Introduction:
It is also known as glyoxylate shunt (GS), was identified by Kornberg and Krebs in 1957, explaining how organisms could grow on acetate as the sole carbon source (Kornberg and Krebs, 1957).
The glyoxylate cycle, an anabolic pathway, is a variation of the tricarboxylic acid cycle, is an anabolic pathway occurring in plants, bacteria, protists, and fungi that allows utilization of two carbons compounds in the absence of glucose. However, it is generally not present in human and animal tissue.
Steps:
The key feature of the glyoxylate cycle is the conversion of isocitrate to glyoxylate and succinate without the two decarboxylation steps that occur in the TCA cycle. The glyoxylate cycle involves the following key enzymatic steps:
Fig: The glyoxylate cycle/Shunt (GS)
Isocitrate lyase: This enzyme catalyzes the conversion of isocitrate to glyoxylate and succinate. Unlike the isocitrate dehydrogenase in the TCA cycle, isocitrate lyase does not decarboxylate isocitrate.
Malate synthase: In the second step, glyoxylate reacts with acetyl-CoA to form malate. This reaction is catalyzed by malate synthase.
Biochemical Importance:
- The glyoxylate cycle is particularly important for organisms that utilize fatty acids as a primary carbon source, as it allows them to generate glucose from acetyl-CoA derived from the breakdown of fatty acids.

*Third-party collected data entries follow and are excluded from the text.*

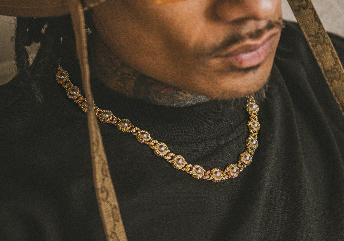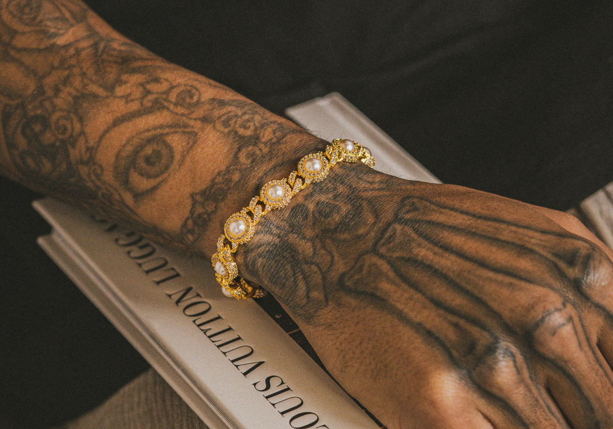 Introducing the Pearl Bezel Cuban Set, a true symbol of luxury and refined style. Featuring lustrous freshwater pearls bezel set within a bold Cuban link design, each link is meticulously crafted with hand-set pavé stones that capture light with every move. Designed to turn heads and elevate your look from day to night, this chain and bracelet set captures a classy and exclusive aesthetic.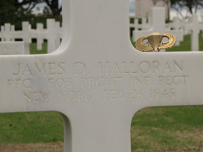 James D. Halloran entered the military service in New York. He served in the 503rd Parachute Infantry Regiment as a Private First Class during World War II. PFC Halloran died on February 26, 1945 and is now buried in the Manila American Cemetery, Taguig City, Philippines.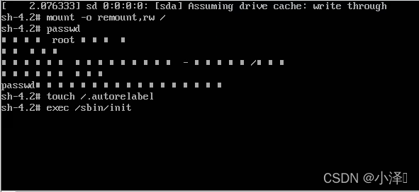 ⑤在光标闪烁的位置输入touch /.autorelabel回车后再输入exec /sbin/init回车,完成后系统会自动重启,密码生效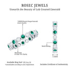 This Lab Emerald Band Ring is sleek and simple, showcasing high brilliance and a rich green hue. It features a continuous line of sparkling Moissanite gemstones, offering a minimal yet elegant look. Adorned with securely held Lab-Created Emerald and Moissanite in Bezel Setting, this Lab Emerald Eternity Ring is perfect for embarking on a new journey or celebrating an anniversary. It is designed to be stacked with other rings or worn alone for a striking statement. This beautiful May Birthstone Ring creates a dynamic and eye-catching design that adds a touch of extravagance and sophistication.

- Plants often employ the glyoxylate cycle in germinating seeds where fatty acids stored in oil serve as an energy source for seedling growth.
Significance:
Enzyme/Metabolic Engineering
The glyoxylate cycle has been extensively studied and explored concerning the enzymology and metabolic regulation for the bioproduction of required of organic acids, amino acids, and fatty acid-related in the field of metabolic engineering particularly for Escherichia coli and the pathogenic bacterium Mycobacterium tuberculosis.

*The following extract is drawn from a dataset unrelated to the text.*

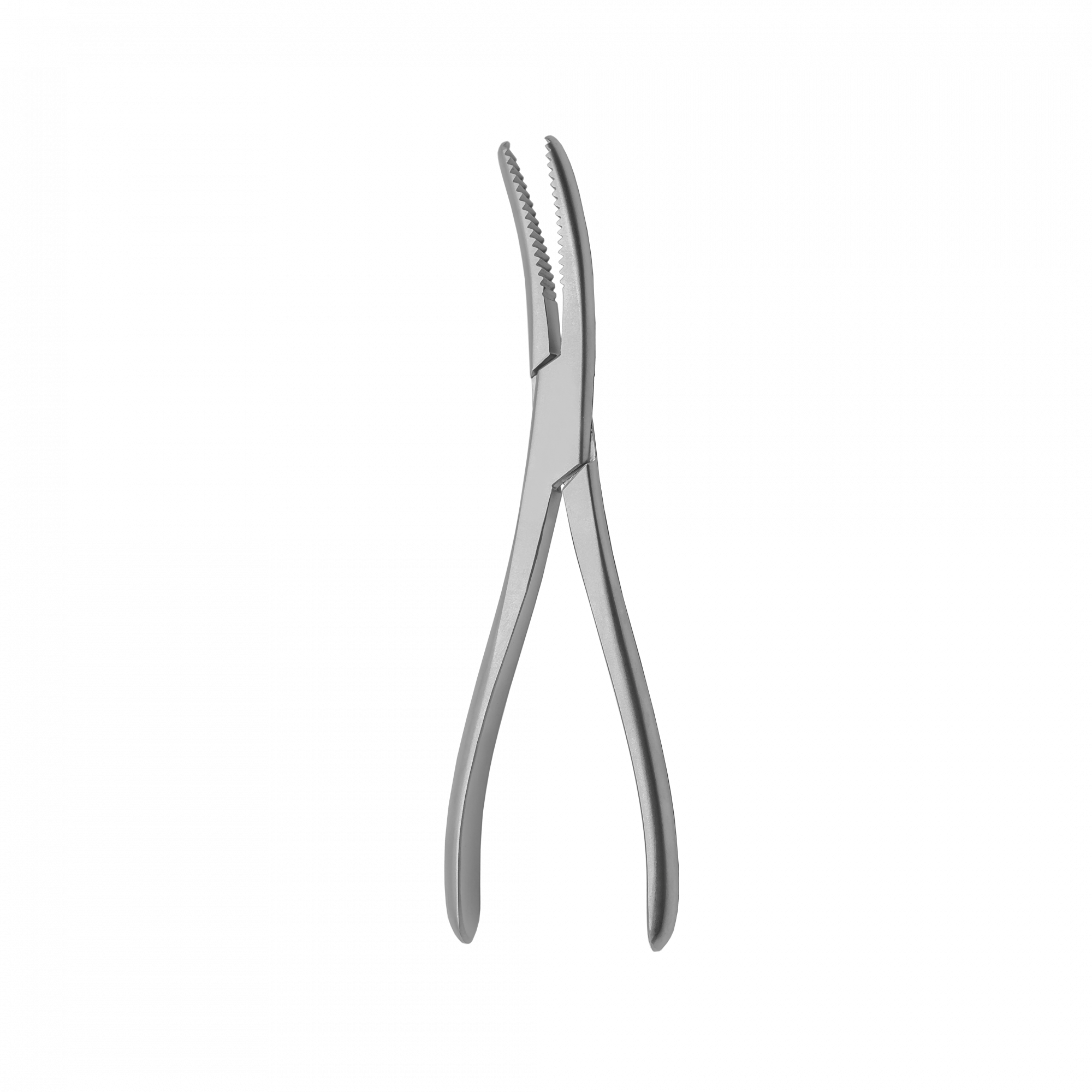 Хирургический инструмент, рабочая часть которого - изогнутые по ребру массивные губки, имеющие косую нарезку. Рукоятки массивные без колец.

Role of glyoxylate cycle in pathogenesis
Fungi are eukaryotic organisms that can cause a wide variety of infectious diseases in humans, from acute surface infections to potentially fatal systemic infections. C. albicans and C. glabrata that had been absorbed by macrophages showed substantial metabolic reprogramming, indicating food deprivation. Furthermore, the involvement of the glyoxylate cycle in the pathogens of certain bacteria, such as Mycobacterium tuberculosis, is being investigated.
The effects include upregulation of genes that encode key metabolic enzymes in three interconnected anabolic pathways for alternative carbon metabolism, i.e., gluconeogenesis (PCK1 and FBP1), glyoxylate cycle (ICL1 and MLS1), and β-oxidation of fatty acids (FOX2, POT1, and POX1), as well as downregulation of glycolysis-related genes.
The activation of these important enzyme genes indicates that the microenvironment within macrophages lacks glucose; nonetheless, confined C. glabrata cells can still use endogenous resources such as alternate carbon sources for growth and survival through glyoxylate cycle.